> Exercise objective:
Word for word, restate the entries below, but exclude the images.

> Information supplied:

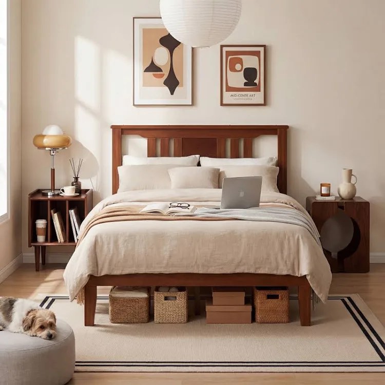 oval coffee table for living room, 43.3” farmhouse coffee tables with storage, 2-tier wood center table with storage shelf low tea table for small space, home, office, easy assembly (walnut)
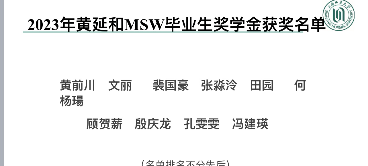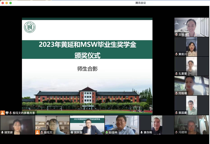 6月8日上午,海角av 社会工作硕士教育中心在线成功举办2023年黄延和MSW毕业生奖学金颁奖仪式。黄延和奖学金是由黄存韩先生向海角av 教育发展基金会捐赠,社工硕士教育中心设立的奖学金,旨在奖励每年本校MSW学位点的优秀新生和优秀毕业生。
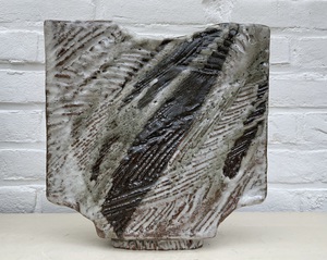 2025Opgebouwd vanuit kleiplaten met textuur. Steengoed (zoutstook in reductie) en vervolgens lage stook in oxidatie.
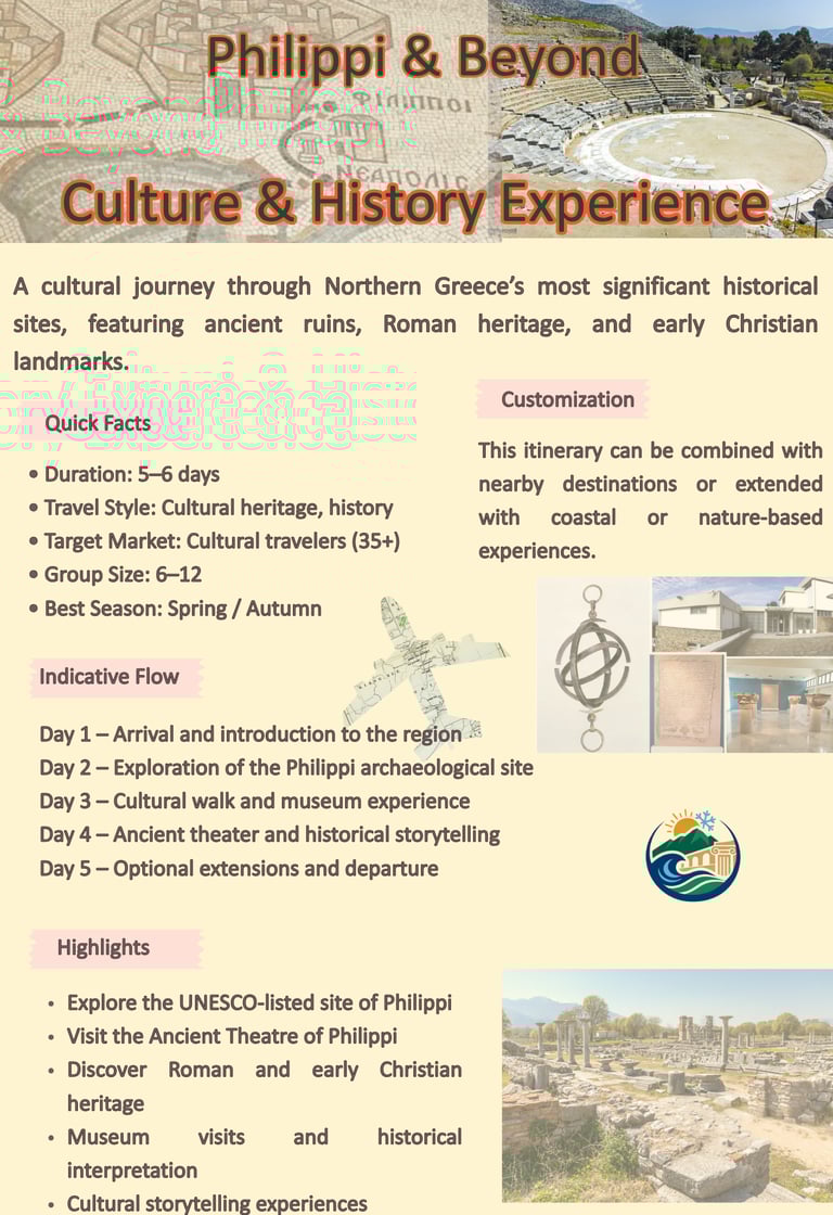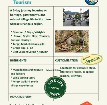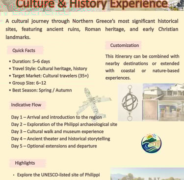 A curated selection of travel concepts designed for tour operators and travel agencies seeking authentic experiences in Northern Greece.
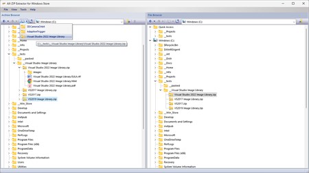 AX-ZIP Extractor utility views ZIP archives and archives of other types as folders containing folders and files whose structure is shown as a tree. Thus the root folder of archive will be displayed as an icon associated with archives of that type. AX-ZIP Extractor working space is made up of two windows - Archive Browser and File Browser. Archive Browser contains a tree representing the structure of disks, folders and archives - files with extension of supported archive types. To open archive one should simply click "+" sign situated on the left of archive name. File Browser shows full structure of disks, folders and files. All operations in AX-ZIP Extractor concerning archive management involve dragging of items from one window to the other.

> Answer to this problem:
 oval coffee table for living room, 43.3” farmhouse coffee tables with storage, 2-tier wood center table with storage shelf low tea table for small space, home, office, easy assembly (walnut)
 6月8日上午,海角av 社会工作硕士教育中心在线成功举办2023年黄延和MSW毕业生奖学金颁奖仪式。黄延和奖学金是由黄存韩先生向海角av 教育发展基金会捐赠,社工硕士教育中心设立的奖学金,旨在奖励每年本校MSW学位点的优秀新生和优秀毕业生。
 2025Opgebouwd vanuit kleiplaten met textuur. Steengoed (zoutstook in reductie) en vervolgens lage stook in oxidatie.
 A curated selection of travel concepts designed for tour operators and travel agencies seeking authentic experiences in Northern Greece.
 AX-ZIP Extractor utility views ZIP archives and archives of other types as folders containing folders and files whose structure is shown as a tree. Thus the root folder of archive will be displayed as an icon associated with archives of that type. AX-ZIP Extractor working space is made up of two windows - Archive Browser and File Browser. Archive Browser contains a tree representing the structure of disks, folders and archives - files with extension of supported archive types. To open archive one should simply click "+" sign situated on the left of archive name. File Browser shows full structure of disks, folders and files. All operations in AX-ZIP Extractor concerning archive management involve dragging of items from one window to the other.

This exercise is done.